Wanting a Child: Twenty-Two Writers on Their Difficult But Mostly Successful Quests for Parenthood i
Bialosky, J. & Schulman, H., eds.
Primary Category:
Literature /
Nonfiction
Genre: Anthology (Essays)
-
Annotated by:
- Wear, Delese
- Date of entry: Feb-05-2002
Summary
In this collection, twenty-two authors take up the subject of wanting a baby and what happens to one's self-image and marriage/relationship when difficulties arise. All the contributors are accomplished writers--e.g. Amy Hempel, Michael Bérubé, Tama Janowitz--who tell stories of the miracles, disapppointments and sometimes horrors of the various reproductive technologies; the experience of childlessness when one/a couple desperately wants one; the joys of "success" via technology or adoption; what happens when every method fails.
Publisher
Farrar, Straus & Giroux
Place Published
New York
Edition
1998
Editor
Jill Bialosky & Helen Schulman
Page Count
274
Commentary
This is a remarkable collection of first-rate writing. As a whole it informs readers that there is no one experience of infertility and when reproductive technologies are called forth the lived experiences for the woman and her husband/partner are complex even when the procedures are successful. A few of the chapters are especially notable.
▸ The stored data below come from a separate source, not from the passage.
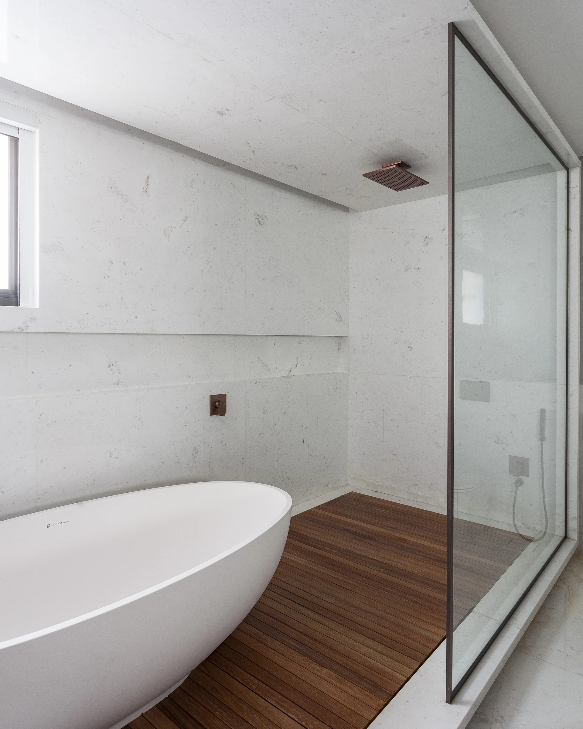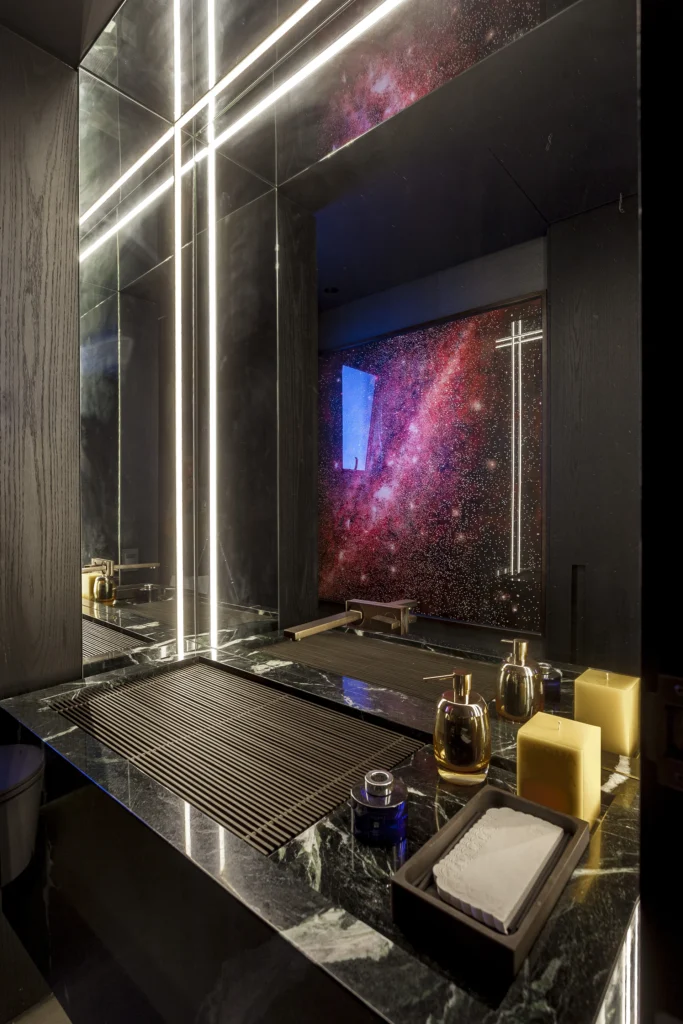 Um elemento de destaque é o hall de entrada, resolvido com uma caixa de vidro que equilibra transparência e privacidade, em contraponto à “caixa preta” em carvalho ebanizado que percorre as marcenarias e conecta visualmente os ambientes sociais. Essa solução sintetiza a essência do projeto: contraste, harmonia e poesia.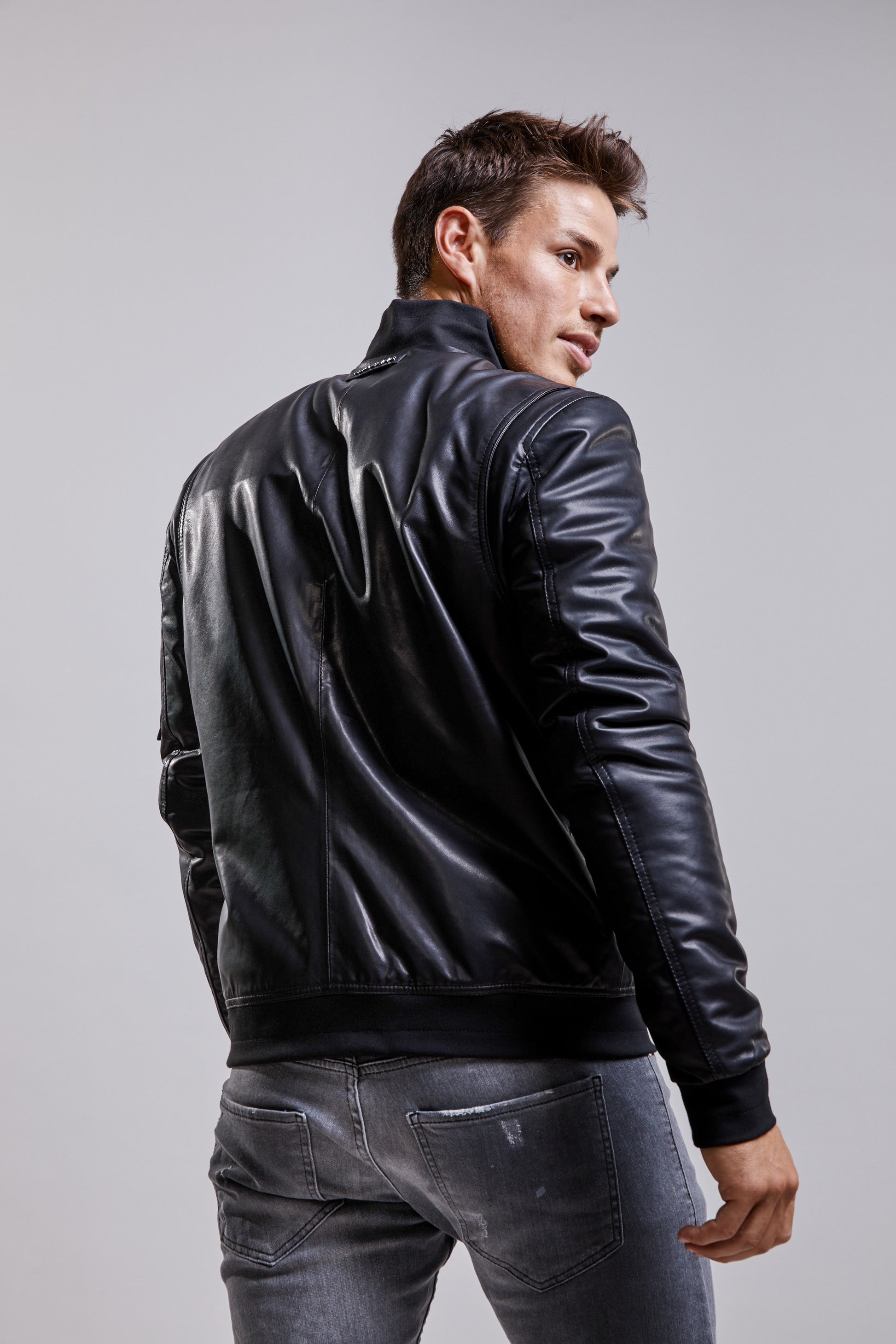 La veste en cuir d'agneau JET TRITON réalisée en cuir d'agneau et jersey dévoile un modèle inédit empreint de modernité. Ici son col monte délicatement, maintenu par une pression, ses manches s'ajustent aux poignets tout comme sa taille et ses poches jouent l'entre deux.Sa manche accueille une autre poche plaquée avec zip poussant le blouson au rang des pièces signatures. Coupe ajustée.Attention : la doublure est bien ton sur ton et non camouflage. Le nom de la Maison prend place au dos de la pièce.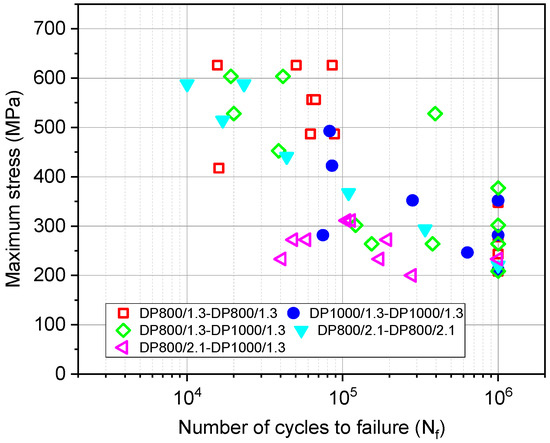 Fatigue test results of the weldments obtained at R = 0.1, 20 Hz, and room temperature (RT) are plotted in Figure 10. The limit for run out (RO) was set to 1 million cycles (106). The stress level target for the RO was set to 200 MPa. The results show that, although the points were scattered, probably due to the defects introduced during the welding process, it still can be observed that the DP800/2.1-DP800/2.1 weldment had a lower fatigue life than the DP800/1.3-DP800/1.3 weldment at both high and low levels of stress. An interesting finding in the comparison of these two weldments is that the thicker sheet combination (2.1 mm) shows lower scatter of the results in comparison with the thinner sheet (1.3 mm). The DP800/2.1-DP1000/1.3 weldments exhibited the lowest fatigue life in comparison with the other weldments with a RO stress below 200 MPa.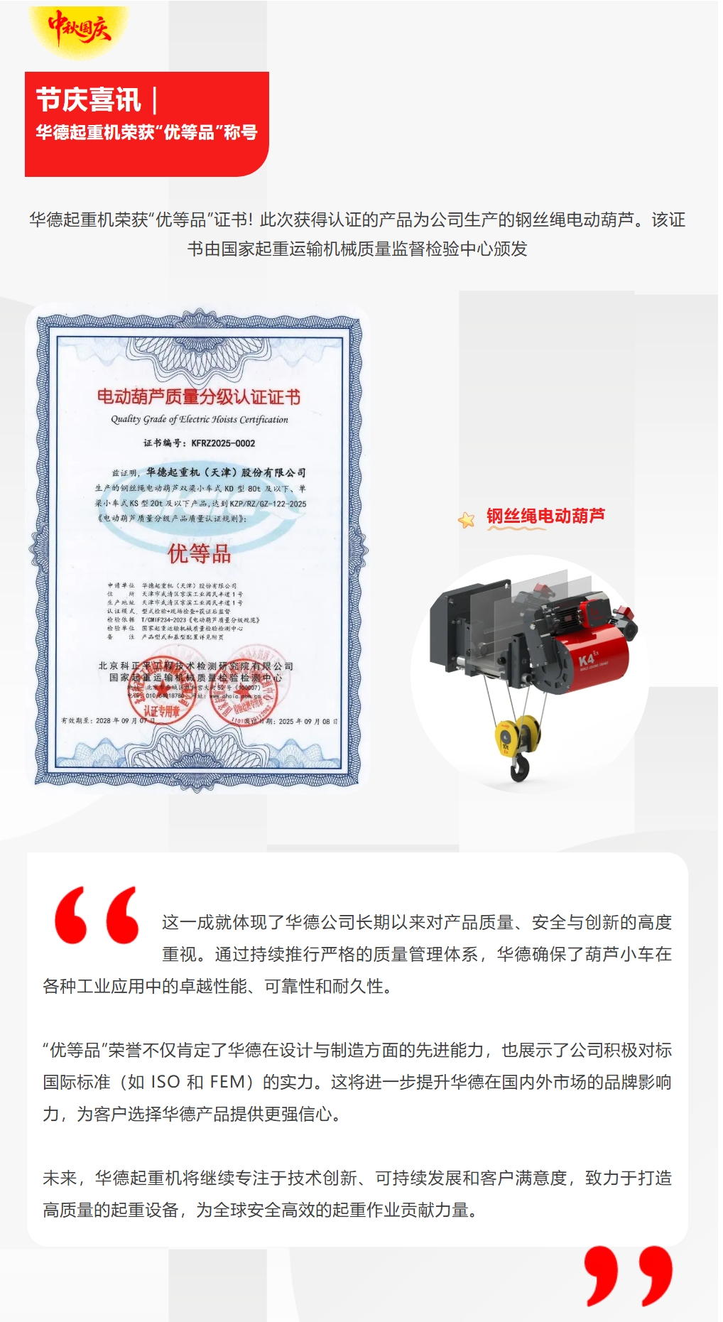· 华德起重机荣获“优等品”认证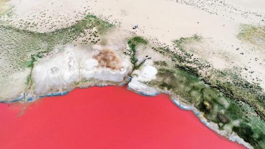 內蒙古格勒圖湖有個(gè)“少女心” 美艷大漠風(fēng)情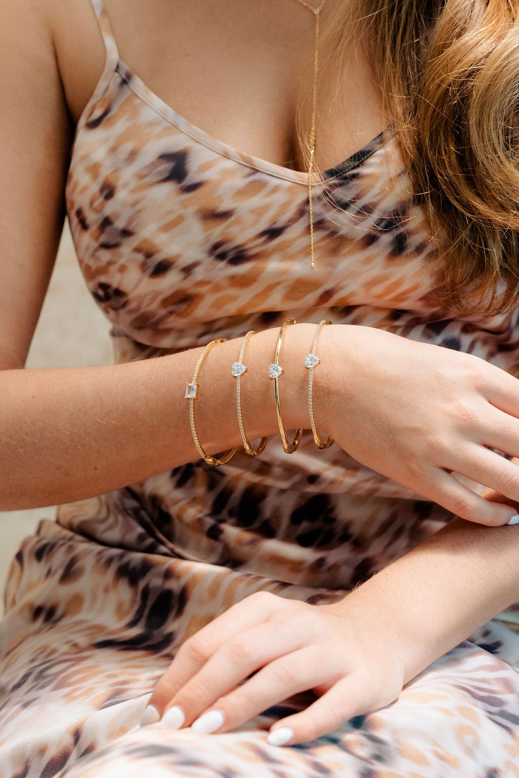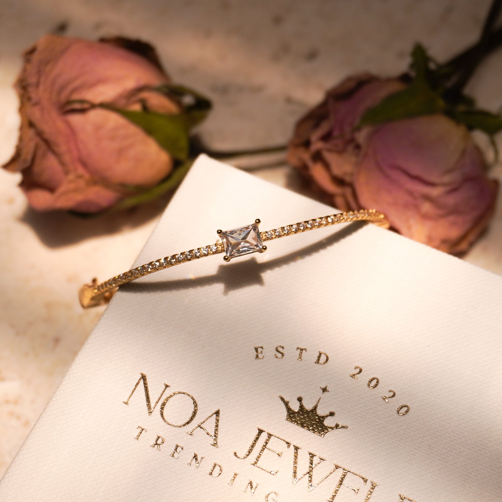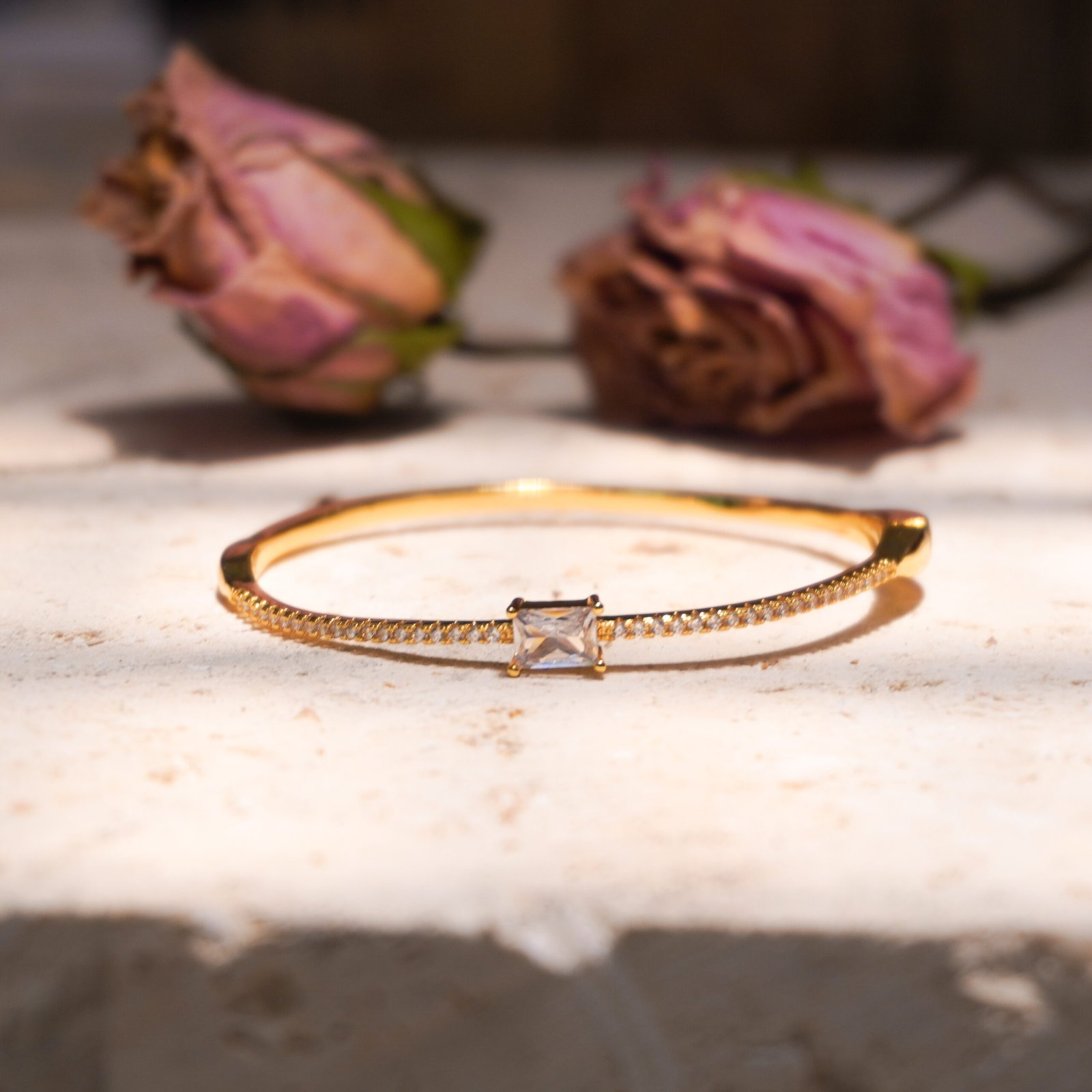 Pulsera dorada con un delicado brillo de circonias y un cristal central que ilumina con sutileza y elegancia.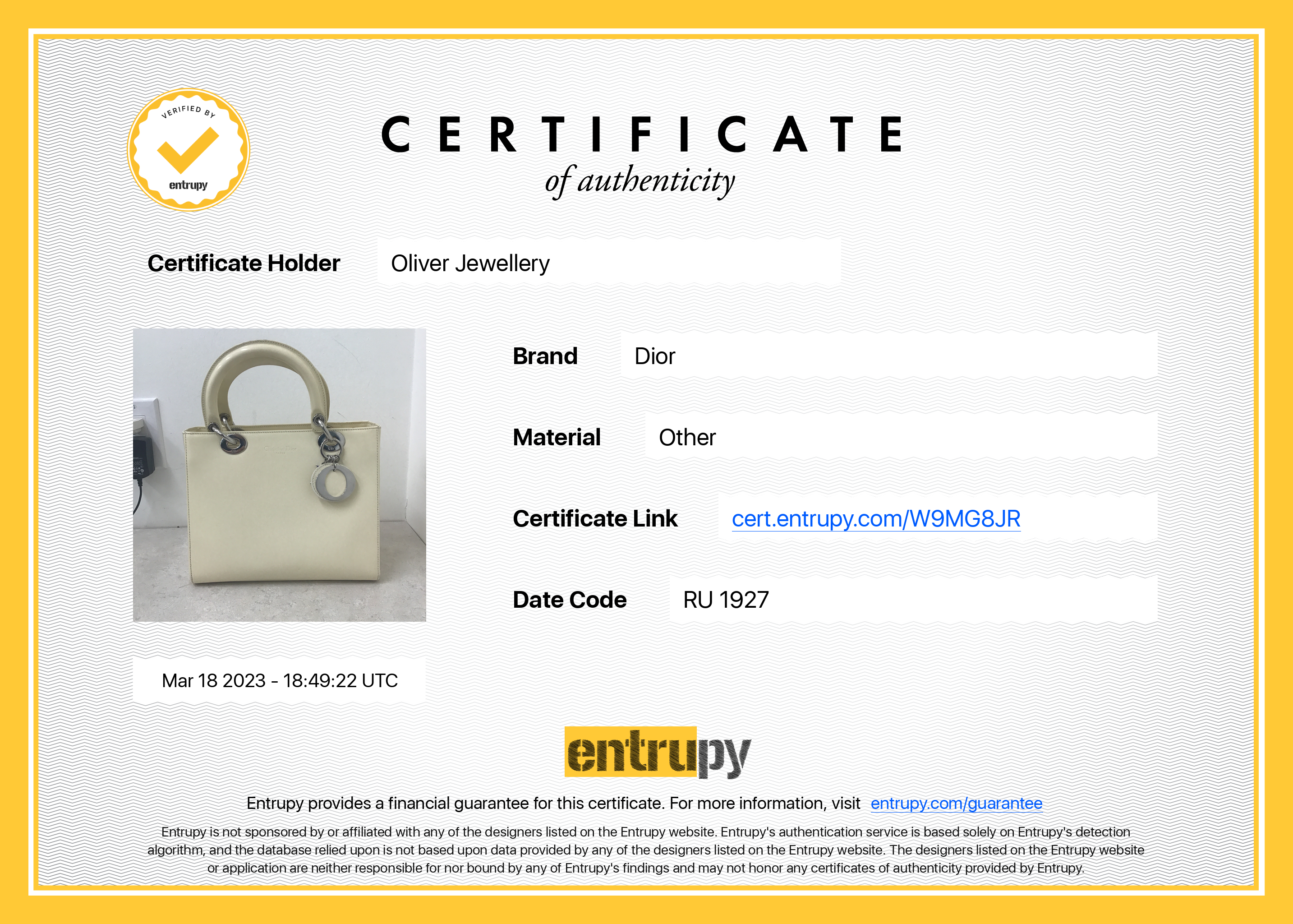 Included Items: Original Dior Authenticity Card, Booklet and Entrupy Certificate of Authenticity #: W9MG8JR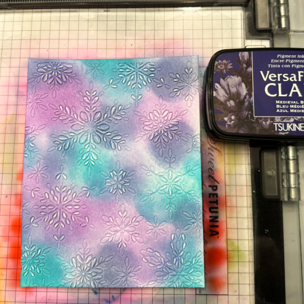 Place the blended panel inside of the 3D embossing folder and run through the die cutting machine.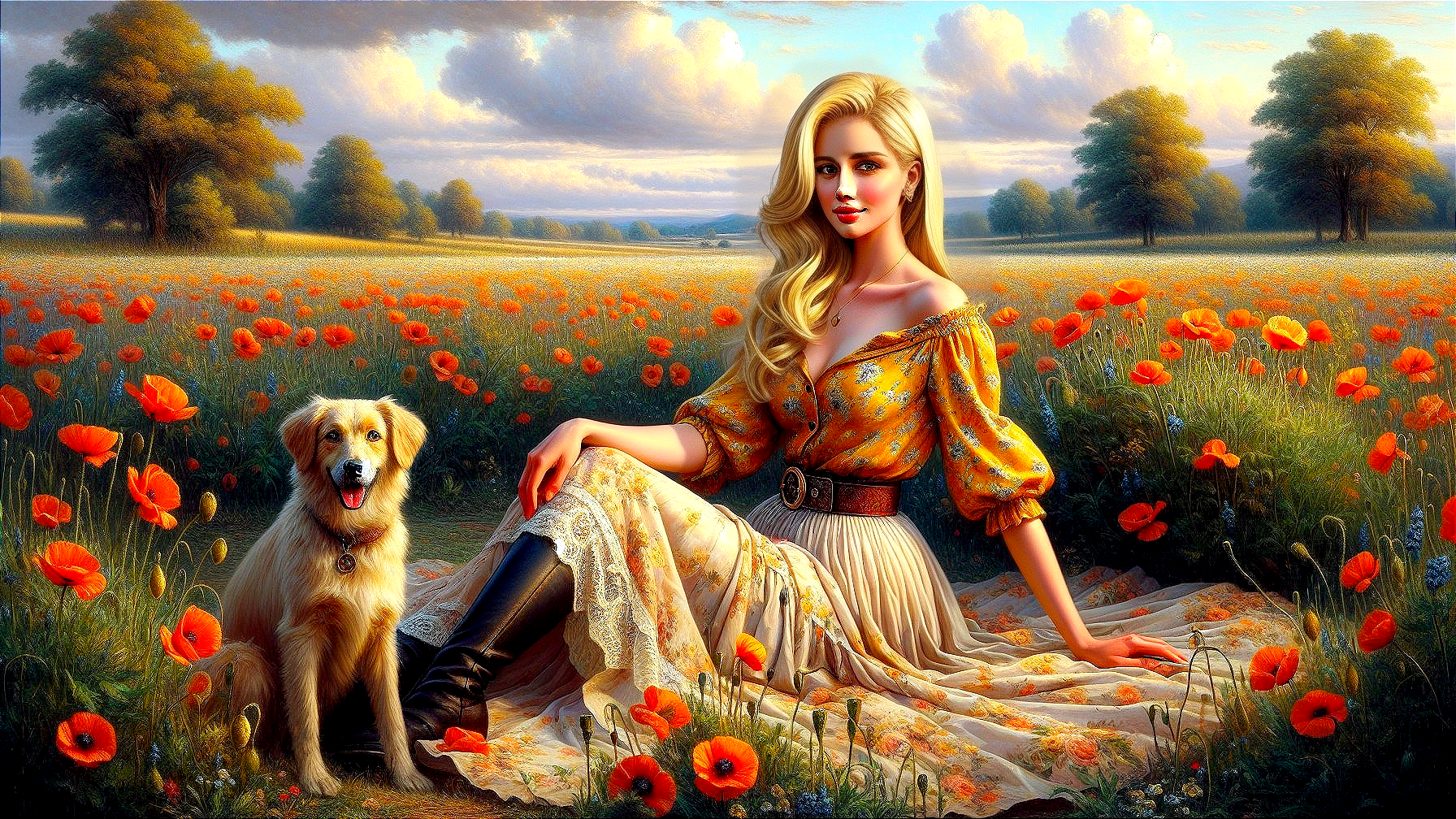 Poppy Field Serenity with a Loyal Friend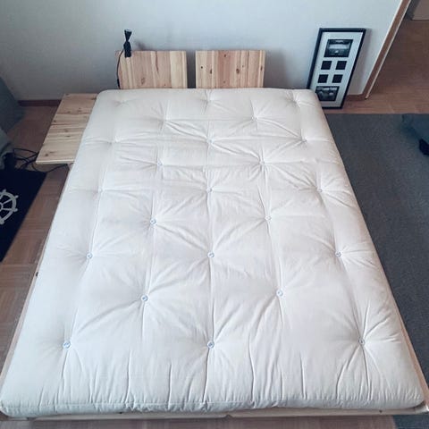 Myydään futon-patja. Sarjassa yksi isompi tahra, muuten hyvässä kunnossa.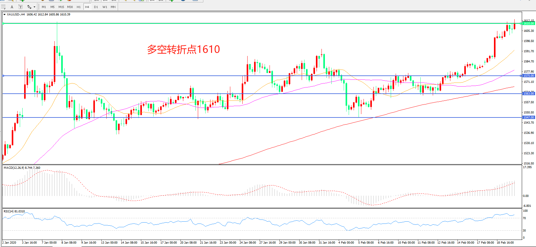 交易策略:在1610.00之上看涨,目标1650.00 1700.00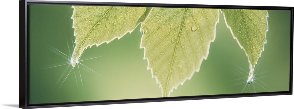 <p>Panoramic nature image of three green leafs hanging down with water drops creating sun starbursts on the tips of the leaf.</p>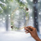 Für eine Winterhochzeit. Ein heller, transparenter Hintergrund mit Kegeln, weißen Beeren und grünem Wasser. Ein Imitat Goldrahmen. Personalisieren Sie Ihre Namen und Details und fügen Sie diese hinzu.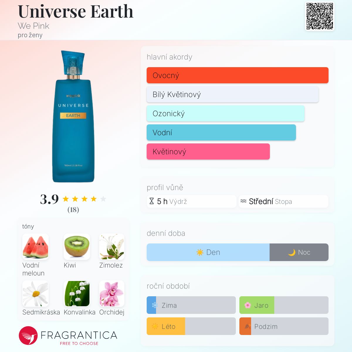 Universe Earth podle We Pink je Floral Fruity vůně pro ženy. Toto je nová vůně. Universe Earth byl/a uveden/a v roce 2024. Vrchní tóny jsou Vodní meloun a Kiwi; střední tóny jsouZimolez, Sedmikráska a Konvalinka ; základní tóny jsou Orchidej a Jantar (ambra).

For adoption, Barbara Jones's "Heedless Love" and Tama Janowitz's "Bringing Home Baby" are wonderfully written accounts that inform anyone who wonders about the depth of love between parent and child not connected by birth ("The irrevocable moment in becoming a parent is not the moment you conceive a child; it's the moment you conceive of her," Jones writes).
Helen Schulman's chapter, "The Habitual Aborter" addresses how "close two people can be and how far apart" when they're ravaged by the emotionally draining process of multiple miscarriage and still forge on in their desire to have a child. Sophie Cabot Black tells of a lesbian couple's attempts at artificial insemination in a chapter called "The Boys" (their name for the sperm).
Jill Bialosky's "Ex Utero" describes what it is like with "two babies in the ground, and the carrot is still dangling under our noses." "Missing Children," Bob Shacochis's account of repeated failures to carry a baby, is perhaps the most accomplished essay in the collection as he traces the complex emotional, financial, physical, spiritual, and relational issues involved in reproductive technologies, what he wryly calls the goddess Technologia who is "not now the protector but the enhancer--the madam, the pimp--here in the brothel of reproductive science, with its endless promises of redemption."
This is a remarkable book, but what is not included is problematic: What do poor, disenfranchised women do when they experience reproductive difficulties? Where/how do they find babies? Certainly not in the procedures that cost many of these couples their life's savings, and certainly not by flying to China.